We have to learn that every gesture, every deed, every phone call answered pays into the profit or loss account of a business enterprise. And the jury that passes a verdict on performance is made up of millions of consumers who can vote with their feet, or – more likely in the digital age – press the button that cancels an order. Some 85% of people will not buy your goods if they do not trust the corporation.

But how can an institution earn back trust? Can you simply put on a friendly smile and plaster billboards with the desperate appeal to “Please, trust me?” Can anyone really hope that people are dumb enough to simply trust without asking for constant and sustainable proof and evidence? There is no alternative to keeping promises if you want to gain the support of the average citizen and have them recommend you to friends and family members.

If one were to identify a golden rule, applicable to employees from all religions, backgrounds and countries, then it would be to treat others as you yourself would like to be treated. This applies if you are on the phone, writing e-mails, in a sales pitch, leading people, fairly distributing earnings to the taxman, shareholders and employees, or providing the customers with the goods they seek.
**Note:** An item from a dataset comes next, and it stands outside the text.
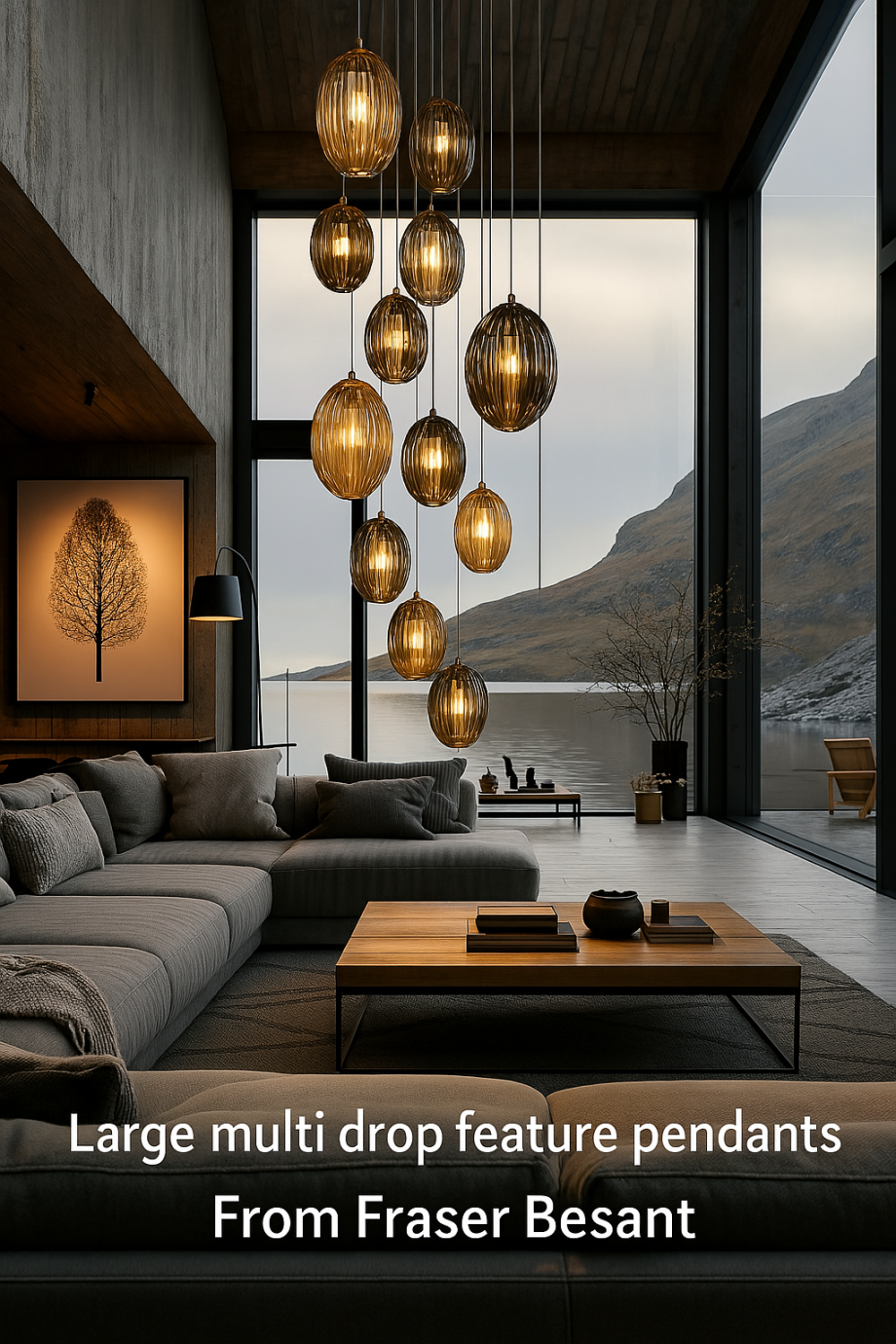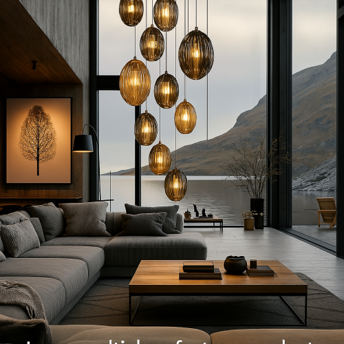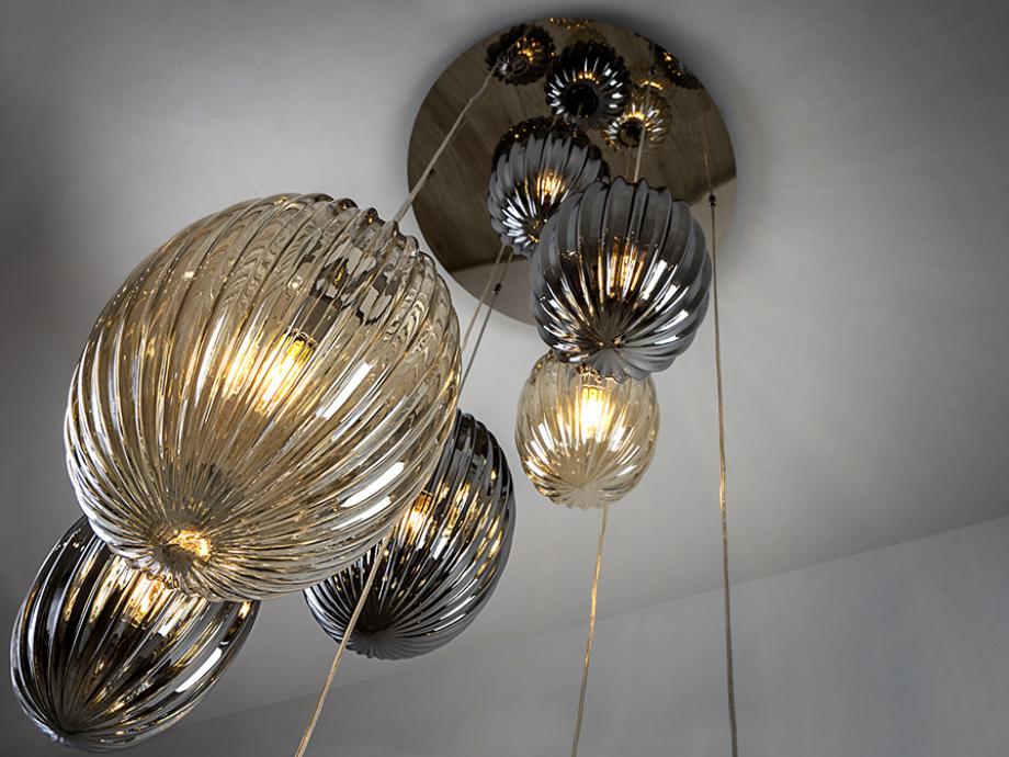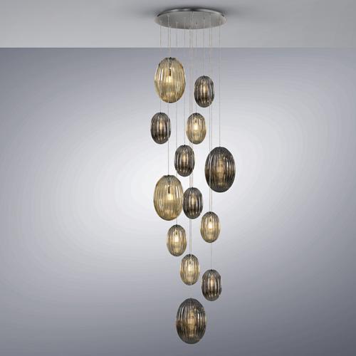 Schuller Ovila 13 light Chrome Pendant with Cognac and Smoked Grey glass shades 13 lights, made of a metal chrome finish. Combined glass shades: small and large size. Two shimmered glass colours: Cognac and Smoked grey. Dimensions: Height 3500mm x Diameter 960mm Includes 13 x E27 8w 870 lumen Dimmable LED lamps Comes with remote control for dimming

Ultimately, it’s as simple – and as difficult – as that. It’s the victory of common sense. It’s about the average person who will recommend a business to his or her best friend and turn credibility and trust into the new engine of the market economy after the disappointments of the last decade. It’s an opportunity to gain the acceptance of the general public for business and regain the trust lost during this rocky first decade of the new millennium.